═══ Task input ═══
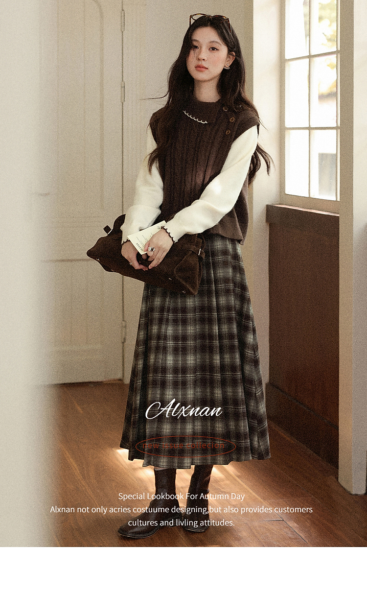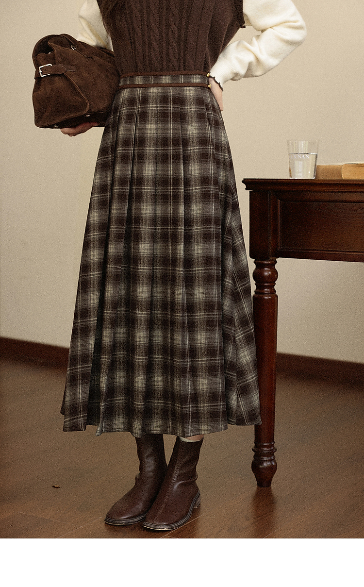 鹿向南「薄暮之时」气质咖色格子半身裙女秋高腰宽松显瘦A字裙子
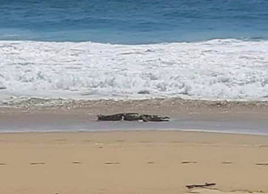 Las autoridades municipales pidieron a la población, prestadores de servicios y visitantes a extremar precauciones en la franja de arena y al ingresar al mar, así como reportar cualquier avistamiento del lagarto.
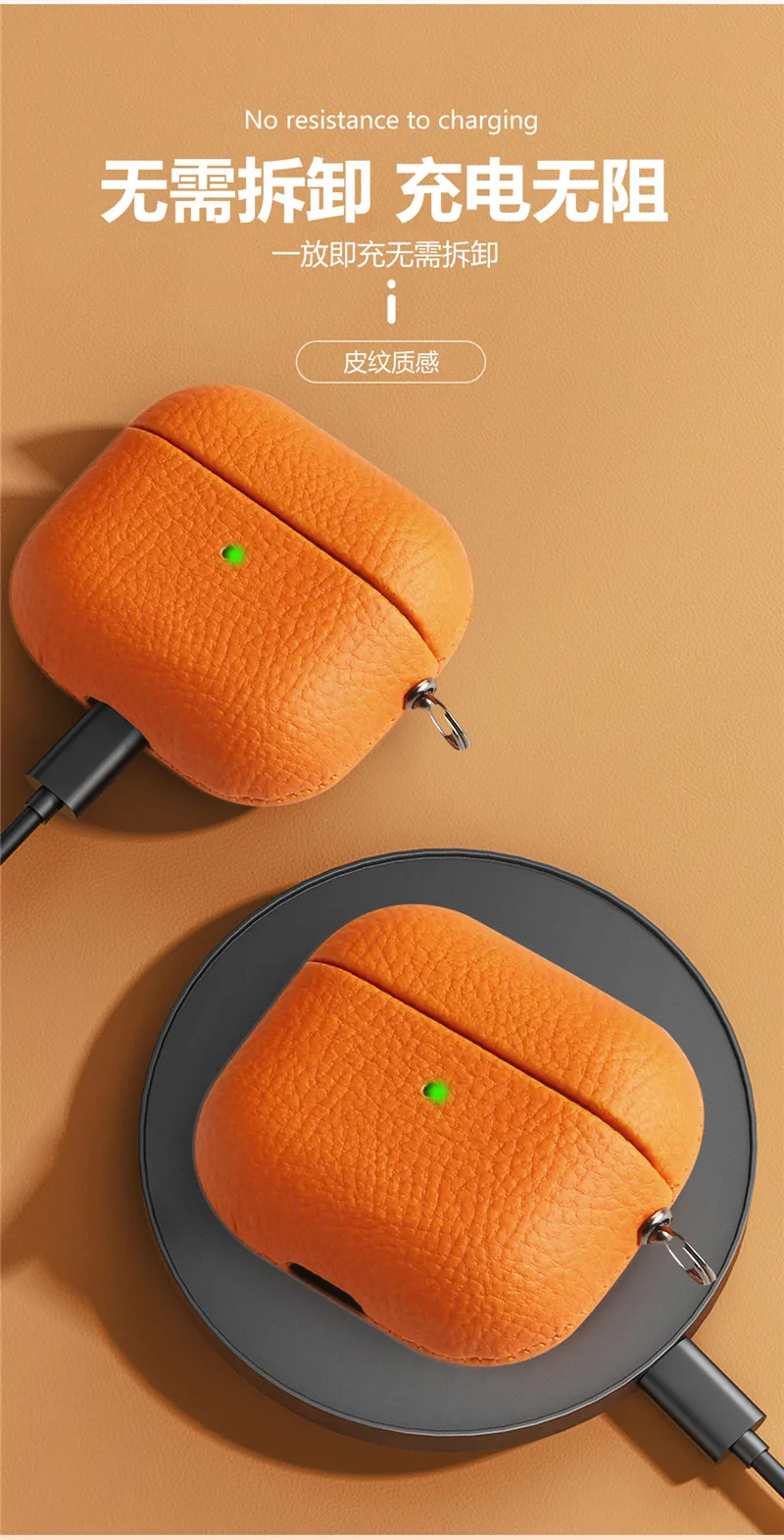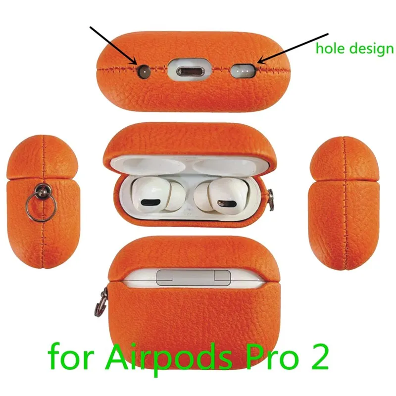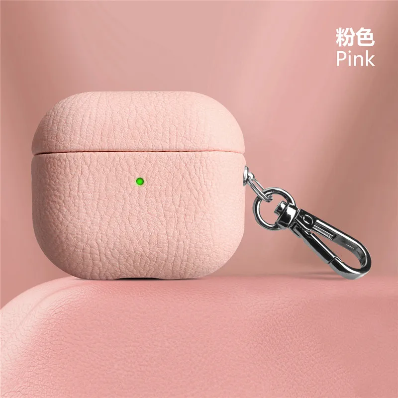 Genuine Leather For AirpPods Pro 2 Case AirPods 1 2 3 cover Bluetooth Earphone Accessories Lychee Pattern Cowhide With Buckle
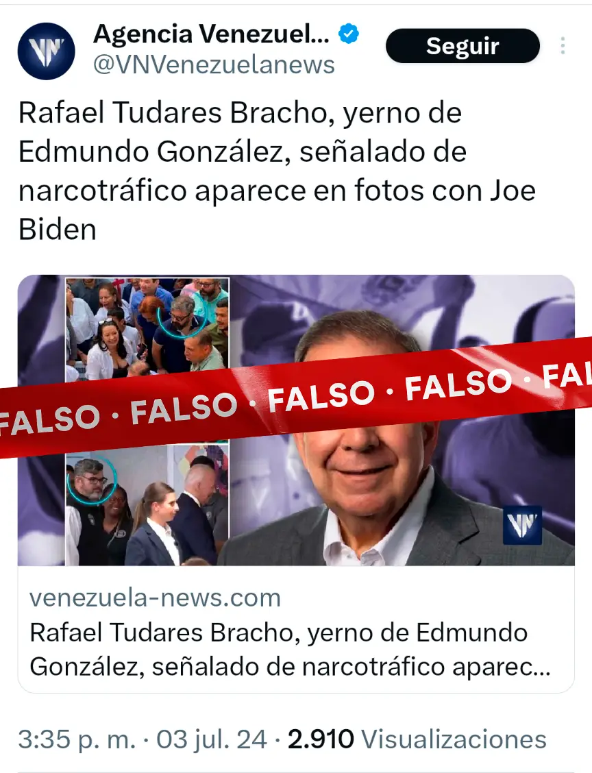 Actualización al 06/07/2024 12:04: Se agregó la información relativa a un nuevo bulo sobre Tudares Bracho en el que se le ubica en una supuesta fotografía con Joe Biden.
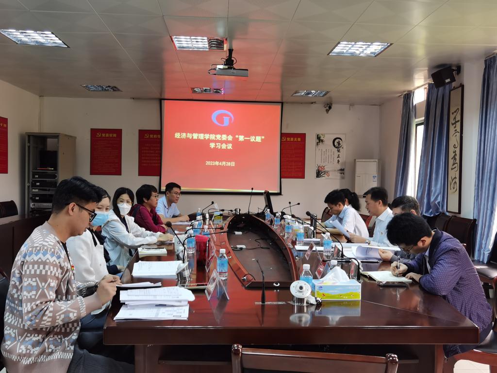 [云顶国际vip.888讯]2023年4月28日上午,经济与管理公司党委在公司办公楼501室开展“第一议题”学习。参与本次会议的人员有公司党委委员、全体中层领导干部、专职组织员、党支部书记等。会议由党委书记黎天宇主持。
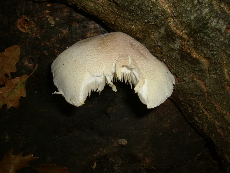 Ciao Simo, Lentinus lepideus ha lamelle seghettate, questo è Pleurotus dryinus.
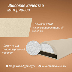 Экокожа, используемая для обивки, обладает высокой прочностью и устойчивостью к различным видам загрязнений. Она обеспечивает долговечность изделия, а также защиту от влаги, что особенно важно в условиях профессионального использования. В отличие от натуральной кожи, эко-кожа не требует сложного ухода и сохраняет свой первоначальный вид даже при интенсивной эксплуатации. Внутри валика для массажного кабинета находится эластичный поролон, который придает ему необходимую упругость и комфорт. Поролон равномерно распределяет нагрузку, поддерживая различные части тела — шею, спину, поясницу или ноги. Благодаря этому материалу, валик прекрасно адаптируется под индивидуальные анатомические особенности каждого клиента, создавая ощущение максимального удобства и релаксации во время процедур.
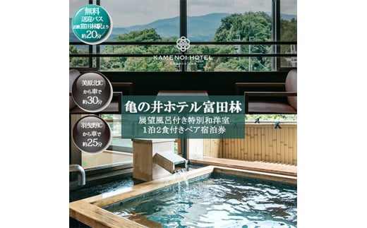 亀の井ホテル富田林 展望風呂付き特別和洋室 1泊2食付きペア宿泊券【1096683】
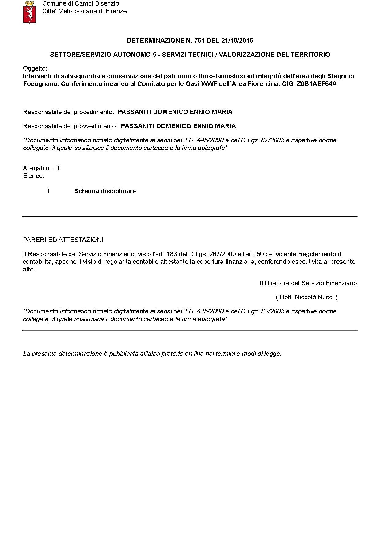 Comune di Campi Bisenzio - DETERMINAZIONE N. 761 DEL 2016-10-21 - Interventi di salvaguardia e conservazione del patrimonio floro-faunistico ed integrita dell?area degli Stagni di Focognano. Conferimento incarico al Comitato per le Oasi WWF dell?Area Fiorentina. CIG. Z0B1AEF64A
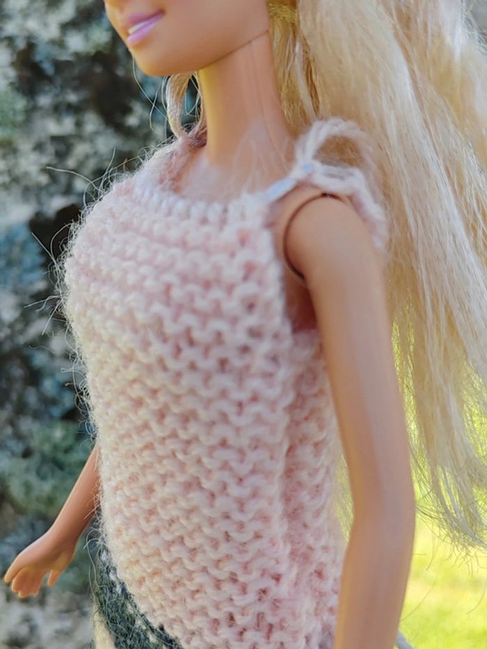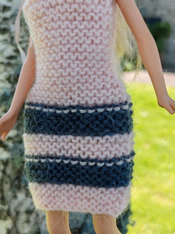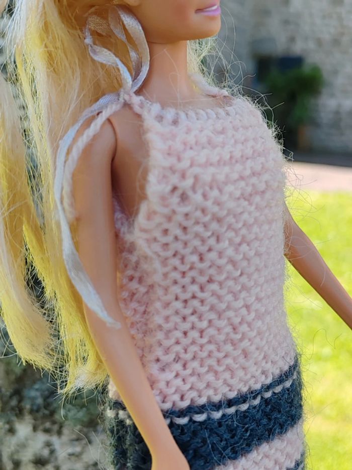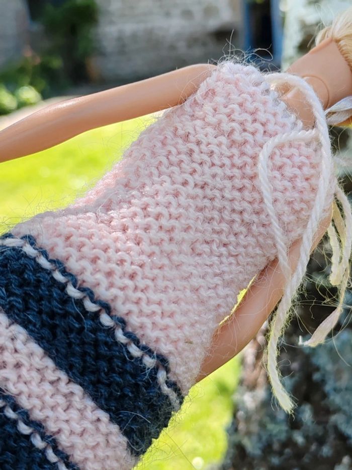 ⚠️ la poupée n'est pas à vendre, seulement sa robe ⚠️ Robe courte rose et grise Fermée avec des lacets Très bon état Tricoté à la main ➡️ #ursullabuffaybarbie #ursullabuffaypoupees #creationsdursulla
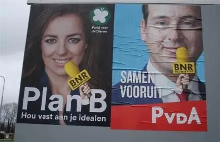 BNR heeft de verkiezingen aangegrepen voor een sterk staaltje Guerrillamarketing. Over de verkiezingsposters van verschillende partijen zijn onder de neus van de lijsttrekkers stickers met de bekende gele microfoon van BNR geplakt.
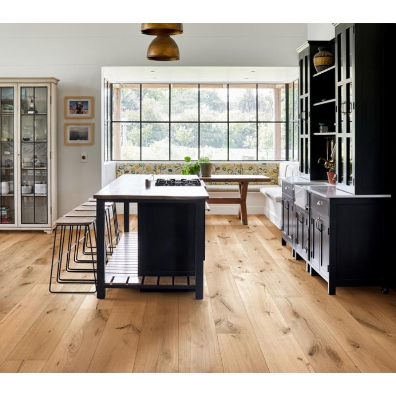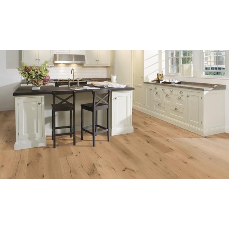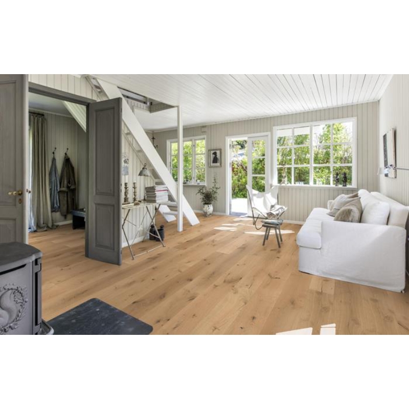 Oak Boreas intermingles colder, whiter tones with elements of slightly warmer, darker features such as knots and cracks creating a variety of shades for a natural, rustic look reminiscent of a freshly-cut oak. It is further enhanced by the careful brushing which accentuates the wood grain of each, unique wide plank.
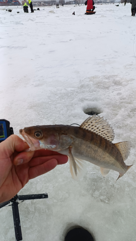 По просьбам трудящихся) никаких гор рыбы пока нет, но на 23 км( глубина 17,8 метра) вчера с 13:30 до 14:45( потом просто перестала клевать) поймал 46 штук. Утром пробовали в Молодёжном, это 12 км, сразу за Чёрной речкой, посидели до 11:30 на 10,6 метрах не одной полёвки и уехали на 23 километр. Лёд везде отличный, 10-15 см. Сегодня ночью сильный северо-восток, поэтому изменения со льдом будут. Дальше 23 км вчера льда не было.
═══
• [Try it] All of the data above should be transcribed verbatim, with pictures omitted.

• [Response to this exercise]
 鹿向南「薄暮之时」气质咖色格子半身裙女秋高腰宽松显瘦A字裙子
 Las autoridades municipales pidieron a la población, prestadores de servicios y visitantes a extremar precauciones en la franja de arena y al ingresar al mar, así como reportar cualquier avistamiento del lagarto.
 Genuine Leather For AirpPods Pro 2 Case AirPods 1 2 3 cover Bluetooth Earphone Accessories Lychee Pattern Cowhide With Buckle
 Actualización al 06/07/2024 12:04: Se agregó la información relativa a un nuevo bulo sobre Tudares Bracho en el que se le ubica en una supuesta fotografía con Joe Biden.
 [云顶国际vip.888讯]2023年4月28日上午,经济与管理公司党委在公司办公楼501室开展“第一议题”学习。参与本次会议的人员有公司党委委员、全体中层领导干部、专职组织员、党支部书记等。会议由党委书记黎天宇主持。
 Ciao Simo, Lentinus lepideus ha lamelle seghettate, questo è Pleurotus dryinus.
 Экокожа, используемая для обивки, обладает высокой прочностью и устойчивостью к различным видам загрязнений. Она обеспечивает долговечность изделия, а также защиту от влаги, что особенно важно в условиях профессионального использования. В отличие от натуральной кожи, эко-кожа не требует сложного ухода и сохраняет свой первоначальный вид даже при интенсивной эксплуатации. Внутри валика для массажного кабинета находится эластичный поролон, который придает ему необходимую упругость и комфорт. Поролон равномерно распределяет нагрузку, поддерживая различные части тела — шею, спину, поясницу или ноги. Благодаря этому материалу, валик прекрасно адаптируется под индивидуальные анатомические особенности каждого клиента, создавая ощущение максимального удобства и релаксации во время процедур.
 亀の井ホテル富田林 展望風呂付き特別和洋室 1泊2食付きペア宿泊券【1096683】
 Comune di Campi Bisenzio - DETERMINAZIONE N. 761 DEL 2016-10-21 - Interventi di salvaguardia e conservazione del patrimonio floro-faunistico ed integrita dell?area degli Stagni di Focognano. Conferimento incarico al Comitato per le Oasi WWF dell?Area Fiorentina. CIG. Z0B1AEF64A
 ⚠️ la poupée n'est pas à vendre, seulement sa robe ⚠️ Robe courte rose et grise Fermée avec des lacets Très bon état Tricoté à la main ➡️ #ursullabuffaybarbie #ursullabuffaypoupees #creationsdursulla
 BNR heeft de verkiezingen aangegrepen voor een sterk staaltje Guerrillamarketing. Over de verkiezingsposters van verschillende partijen zijn onder de neus van de lijsttrekkers stickers met de bekende gele microfoon van BNR geplakt.
 Oak Boreas intermingles colder, whiter tones with elements of slightly warmer, darker features such as knots and cracks creating a variety of shades for a natural, rustic look reminiscent of a freshly-cut oak. It is further enhanced by the careful brushing which accentuates the wood grain of each, unique wide plank.
 По просьбам трудящихся) никаких гор рыбы пока нет, но на 23 км( глубина 17,8 метра) вчера с 13:30 до 14:45( потом просто перестала клевать) поймал 46 штук. Утром пробовали в Молодёжном, это 12 км, сразу за Чёрной речкой, посидели до 11:30 на 10,6 метрах не одной полёвки и уехали на 23 километр. Лёд везде отличный, 10-15 см. Сегодня ночью сильный северо-восток, поэтому изменения со льдом будут. Дальше 23 км вчера льда не было.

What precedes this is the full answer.